Starting at the line with "Dvojúrovňový stojan na" and ending at the line with "Что касается артиллерийского", print exactly the lines of the entries below. Pictures do not belong in the copy.

*** Materials provided Section Begins ***

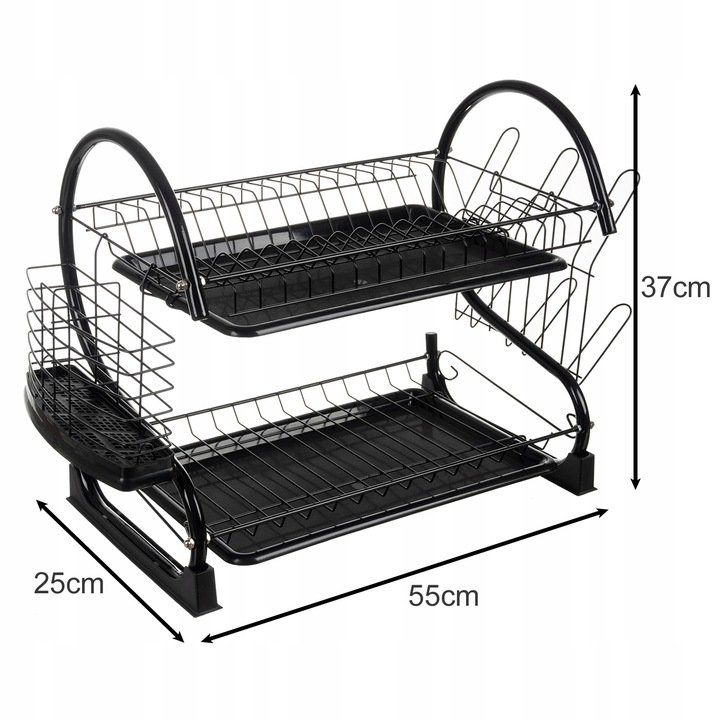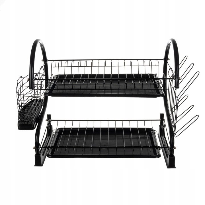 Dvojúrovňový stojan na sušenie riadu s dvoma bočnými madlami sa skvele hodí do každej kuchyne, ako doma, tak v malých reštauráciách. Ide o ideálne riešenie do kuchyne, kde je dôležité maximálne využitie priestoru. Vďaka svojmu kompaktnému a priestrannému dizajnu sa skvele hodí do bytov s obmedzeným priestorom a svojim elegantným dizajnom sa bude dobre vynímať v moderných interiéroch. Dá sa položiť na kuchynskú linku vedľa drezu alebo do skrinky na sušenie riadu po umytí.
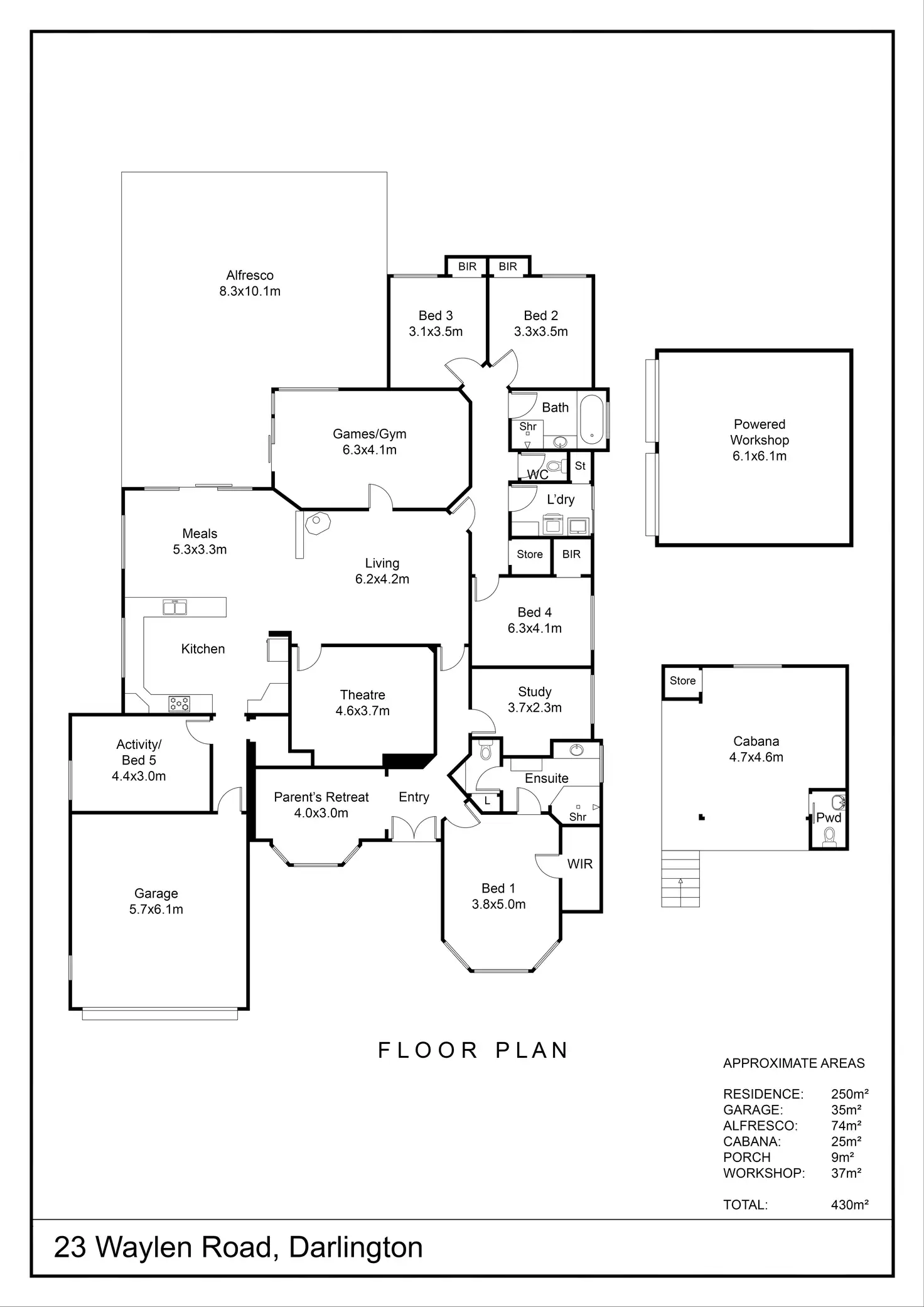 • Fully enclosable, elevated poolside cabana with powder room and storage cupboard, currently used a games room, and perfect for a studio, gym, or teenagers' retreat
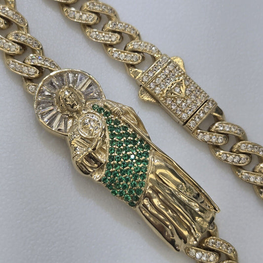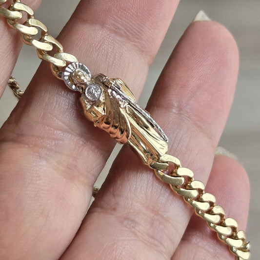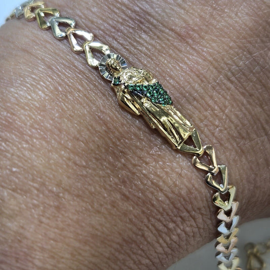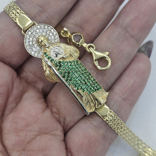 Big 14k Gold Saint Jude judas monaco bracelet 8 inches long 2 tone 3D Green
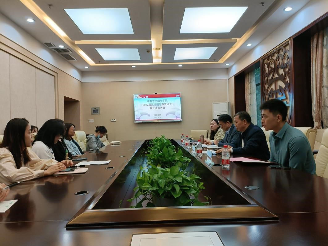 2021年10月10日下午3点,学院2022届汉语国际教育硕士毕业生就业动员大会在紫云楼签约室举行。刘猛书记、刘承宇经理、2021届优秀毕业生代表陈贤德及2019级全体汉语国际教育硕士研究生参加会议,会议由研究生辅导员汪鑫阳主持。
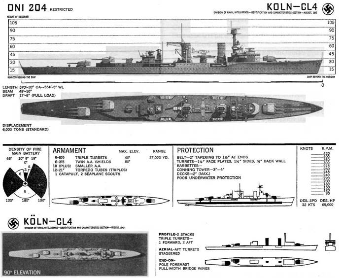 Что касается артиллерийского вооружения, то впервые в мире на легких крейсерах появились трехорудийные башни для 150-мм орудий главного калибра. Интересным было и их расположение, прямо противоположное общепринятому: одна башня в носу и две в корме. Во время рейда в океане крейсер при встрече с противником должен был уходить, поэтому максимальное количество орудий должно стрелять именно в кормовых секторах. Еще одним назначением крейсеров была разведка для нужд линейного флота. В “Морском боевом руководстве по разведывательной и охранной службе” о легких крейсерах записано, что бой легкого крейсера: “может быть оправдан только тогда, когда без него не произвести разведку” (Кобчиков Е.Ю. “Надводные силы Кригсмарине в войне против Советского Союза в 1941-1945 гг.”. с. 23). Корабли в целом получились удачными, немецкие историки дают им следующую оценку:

*** Materials provided Section Ends ***
*** Materials provided Section Begins ***

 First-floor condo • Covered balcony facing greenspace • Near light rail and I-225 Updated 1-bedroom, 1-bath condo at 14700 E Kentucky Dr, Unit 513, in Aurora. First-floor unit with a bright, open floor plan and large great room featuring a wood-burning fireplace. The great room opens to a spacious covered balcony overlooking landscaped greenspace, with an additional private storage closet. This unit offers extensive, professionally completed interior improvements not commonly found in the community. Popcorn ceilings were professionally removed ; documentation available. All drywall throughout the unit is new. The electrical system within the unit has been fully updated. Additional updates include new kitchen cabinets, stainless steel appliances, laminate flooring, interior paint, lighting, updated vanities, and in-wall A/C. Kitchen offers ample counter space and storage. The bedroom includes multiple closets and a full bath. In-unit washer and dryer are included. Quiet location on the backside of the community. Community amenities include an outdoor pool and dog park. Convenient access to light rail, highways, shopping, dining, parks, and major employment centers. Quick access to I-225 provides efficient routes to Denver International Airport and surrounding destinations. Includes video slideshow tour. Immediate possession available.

*** Materials provided Section Ends ***
*** Materials provided Section Begins ***

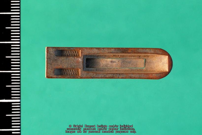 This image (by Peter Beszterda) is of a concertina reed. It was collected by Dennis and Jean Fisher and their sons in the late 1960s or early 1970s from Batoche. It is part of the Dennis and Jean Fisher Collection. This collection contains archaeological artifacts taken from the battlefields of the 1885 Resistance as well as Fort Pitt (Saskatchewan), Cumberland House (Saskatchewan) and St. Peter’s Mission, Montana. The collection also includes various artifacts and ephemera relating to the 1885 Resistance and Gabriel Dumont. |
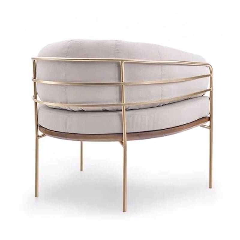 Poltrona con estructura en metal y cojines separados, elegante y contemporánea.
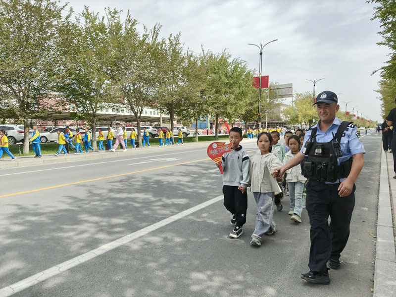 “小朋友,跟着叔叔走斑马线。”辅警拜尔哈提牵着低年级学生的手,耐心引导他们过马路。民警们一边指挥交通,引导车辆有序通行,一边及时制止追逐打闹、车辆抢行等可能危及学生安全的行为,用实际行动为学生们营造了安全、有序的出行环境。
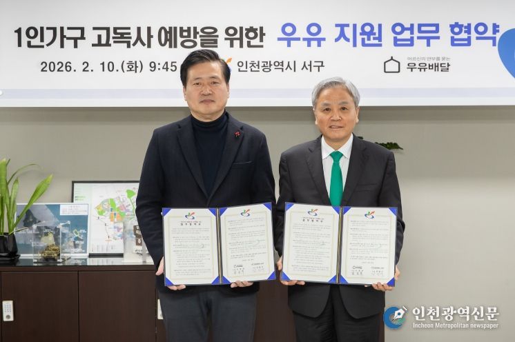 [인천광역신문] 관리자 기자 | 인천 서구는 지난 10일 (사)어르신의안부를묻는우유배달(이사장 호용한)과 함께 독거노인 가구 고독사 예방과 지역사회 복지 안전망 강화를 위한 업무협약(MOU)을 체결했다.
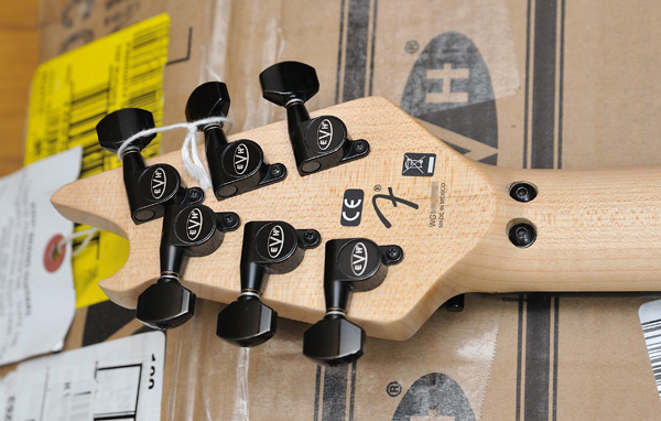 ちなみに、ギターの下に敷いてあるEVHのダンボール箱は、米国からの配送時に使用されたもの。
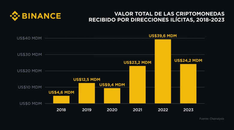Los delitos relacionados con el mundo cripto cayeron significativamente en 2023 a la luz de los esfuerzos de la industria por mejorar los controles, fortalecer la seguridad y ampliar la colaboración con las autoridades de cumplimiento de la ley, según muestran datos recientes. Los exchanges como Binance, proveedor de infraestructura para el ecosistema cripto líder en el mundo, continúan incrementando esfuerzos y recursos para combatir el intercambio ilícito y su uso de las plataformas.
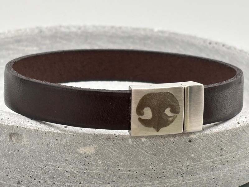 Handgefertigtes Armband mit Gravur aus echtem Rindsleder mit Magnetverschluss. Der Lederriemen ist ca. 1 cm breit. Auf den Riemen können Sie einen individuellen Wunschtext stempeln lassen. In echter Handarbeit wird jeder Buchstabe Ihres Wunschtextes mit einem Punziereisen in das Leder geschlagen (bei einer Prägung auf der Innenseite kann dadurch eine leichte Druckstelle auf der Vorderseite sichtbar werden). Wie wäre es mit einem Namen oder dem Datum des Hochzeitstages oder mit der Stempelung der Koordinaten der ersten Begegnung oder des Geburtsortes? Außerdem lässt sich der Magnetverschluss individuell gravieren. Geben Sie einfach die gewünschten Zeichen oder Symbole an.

*** Materials provided Section Ends ***

Task result:
 Dvojúrovňový stojan na sušenie riadu s dvoma bočnými madlami sa skvele hodí do každej kuchyne, ako doma, tak v malých reštauráciách. Ide o ideálne riešenie do kuchyne, kde je dôležité maximálne využitie priestoru. Vďaka svojmu kompaktnému a priestrannému dizajnu sa skvele hodí do bytov s obmedzeným priestorom a svojim elegantným dizajnom sa bude dobre vynímať v moderných interiéroch. Dá sa položiť na kuchynskú linku vedľa drezu alebo do skrinky na sušenie riadu po umytí.
 • Fully enclosable, elevated poolside cabana with powder room and storage cupboard, currently used a games room, and perfect for a studio, gym, or teenagers' retreat
 Big 14k Gold Saint Jude judas monaco bracelet 8 inches long 2 tone 3D Green
 2021年10月10日下午3点,学院2022届汉语国际教育硕士毕业生就业动员大会在紫云楼签约室举行。刘猛书记、刘承宇经理、2021届优秀毕业生代表陈贤德及2019级全体汉语国际教育硕士研究生参加会议,会议由研究生辅导员汪鑫阳主持。
 Что касается артиллерийского вооружения, то впервые в мире на легких крейсерах появились трехорудийные башни для 150-мм орудий главного калибра. Интересным было и их расположение, прямо противоположное общепринятому: одна башня в носу и две в корме. Во время рейда в океане крейсер при встрече с противником должен был уходить, поэтому максимальное количество орудий должно стрелять именно в кормовых секторах. Еще одним назначением крейсеров была разведка для нужд линейного флота. В “Морском боевом руководстве по разведывательной и охранной службе” о легких крейсерах записано, что бой легкого крейсера: “может быть оправдан только тогда, когда без него не произвести разведку” (Кобчиков Е.Ю. “Надводные силы Кригсмарине в войне против Советского Союза в 1941-1945 гг.”. с. 23). Корабли в целом получились удачными, немецкие историки дают им следующую оценку:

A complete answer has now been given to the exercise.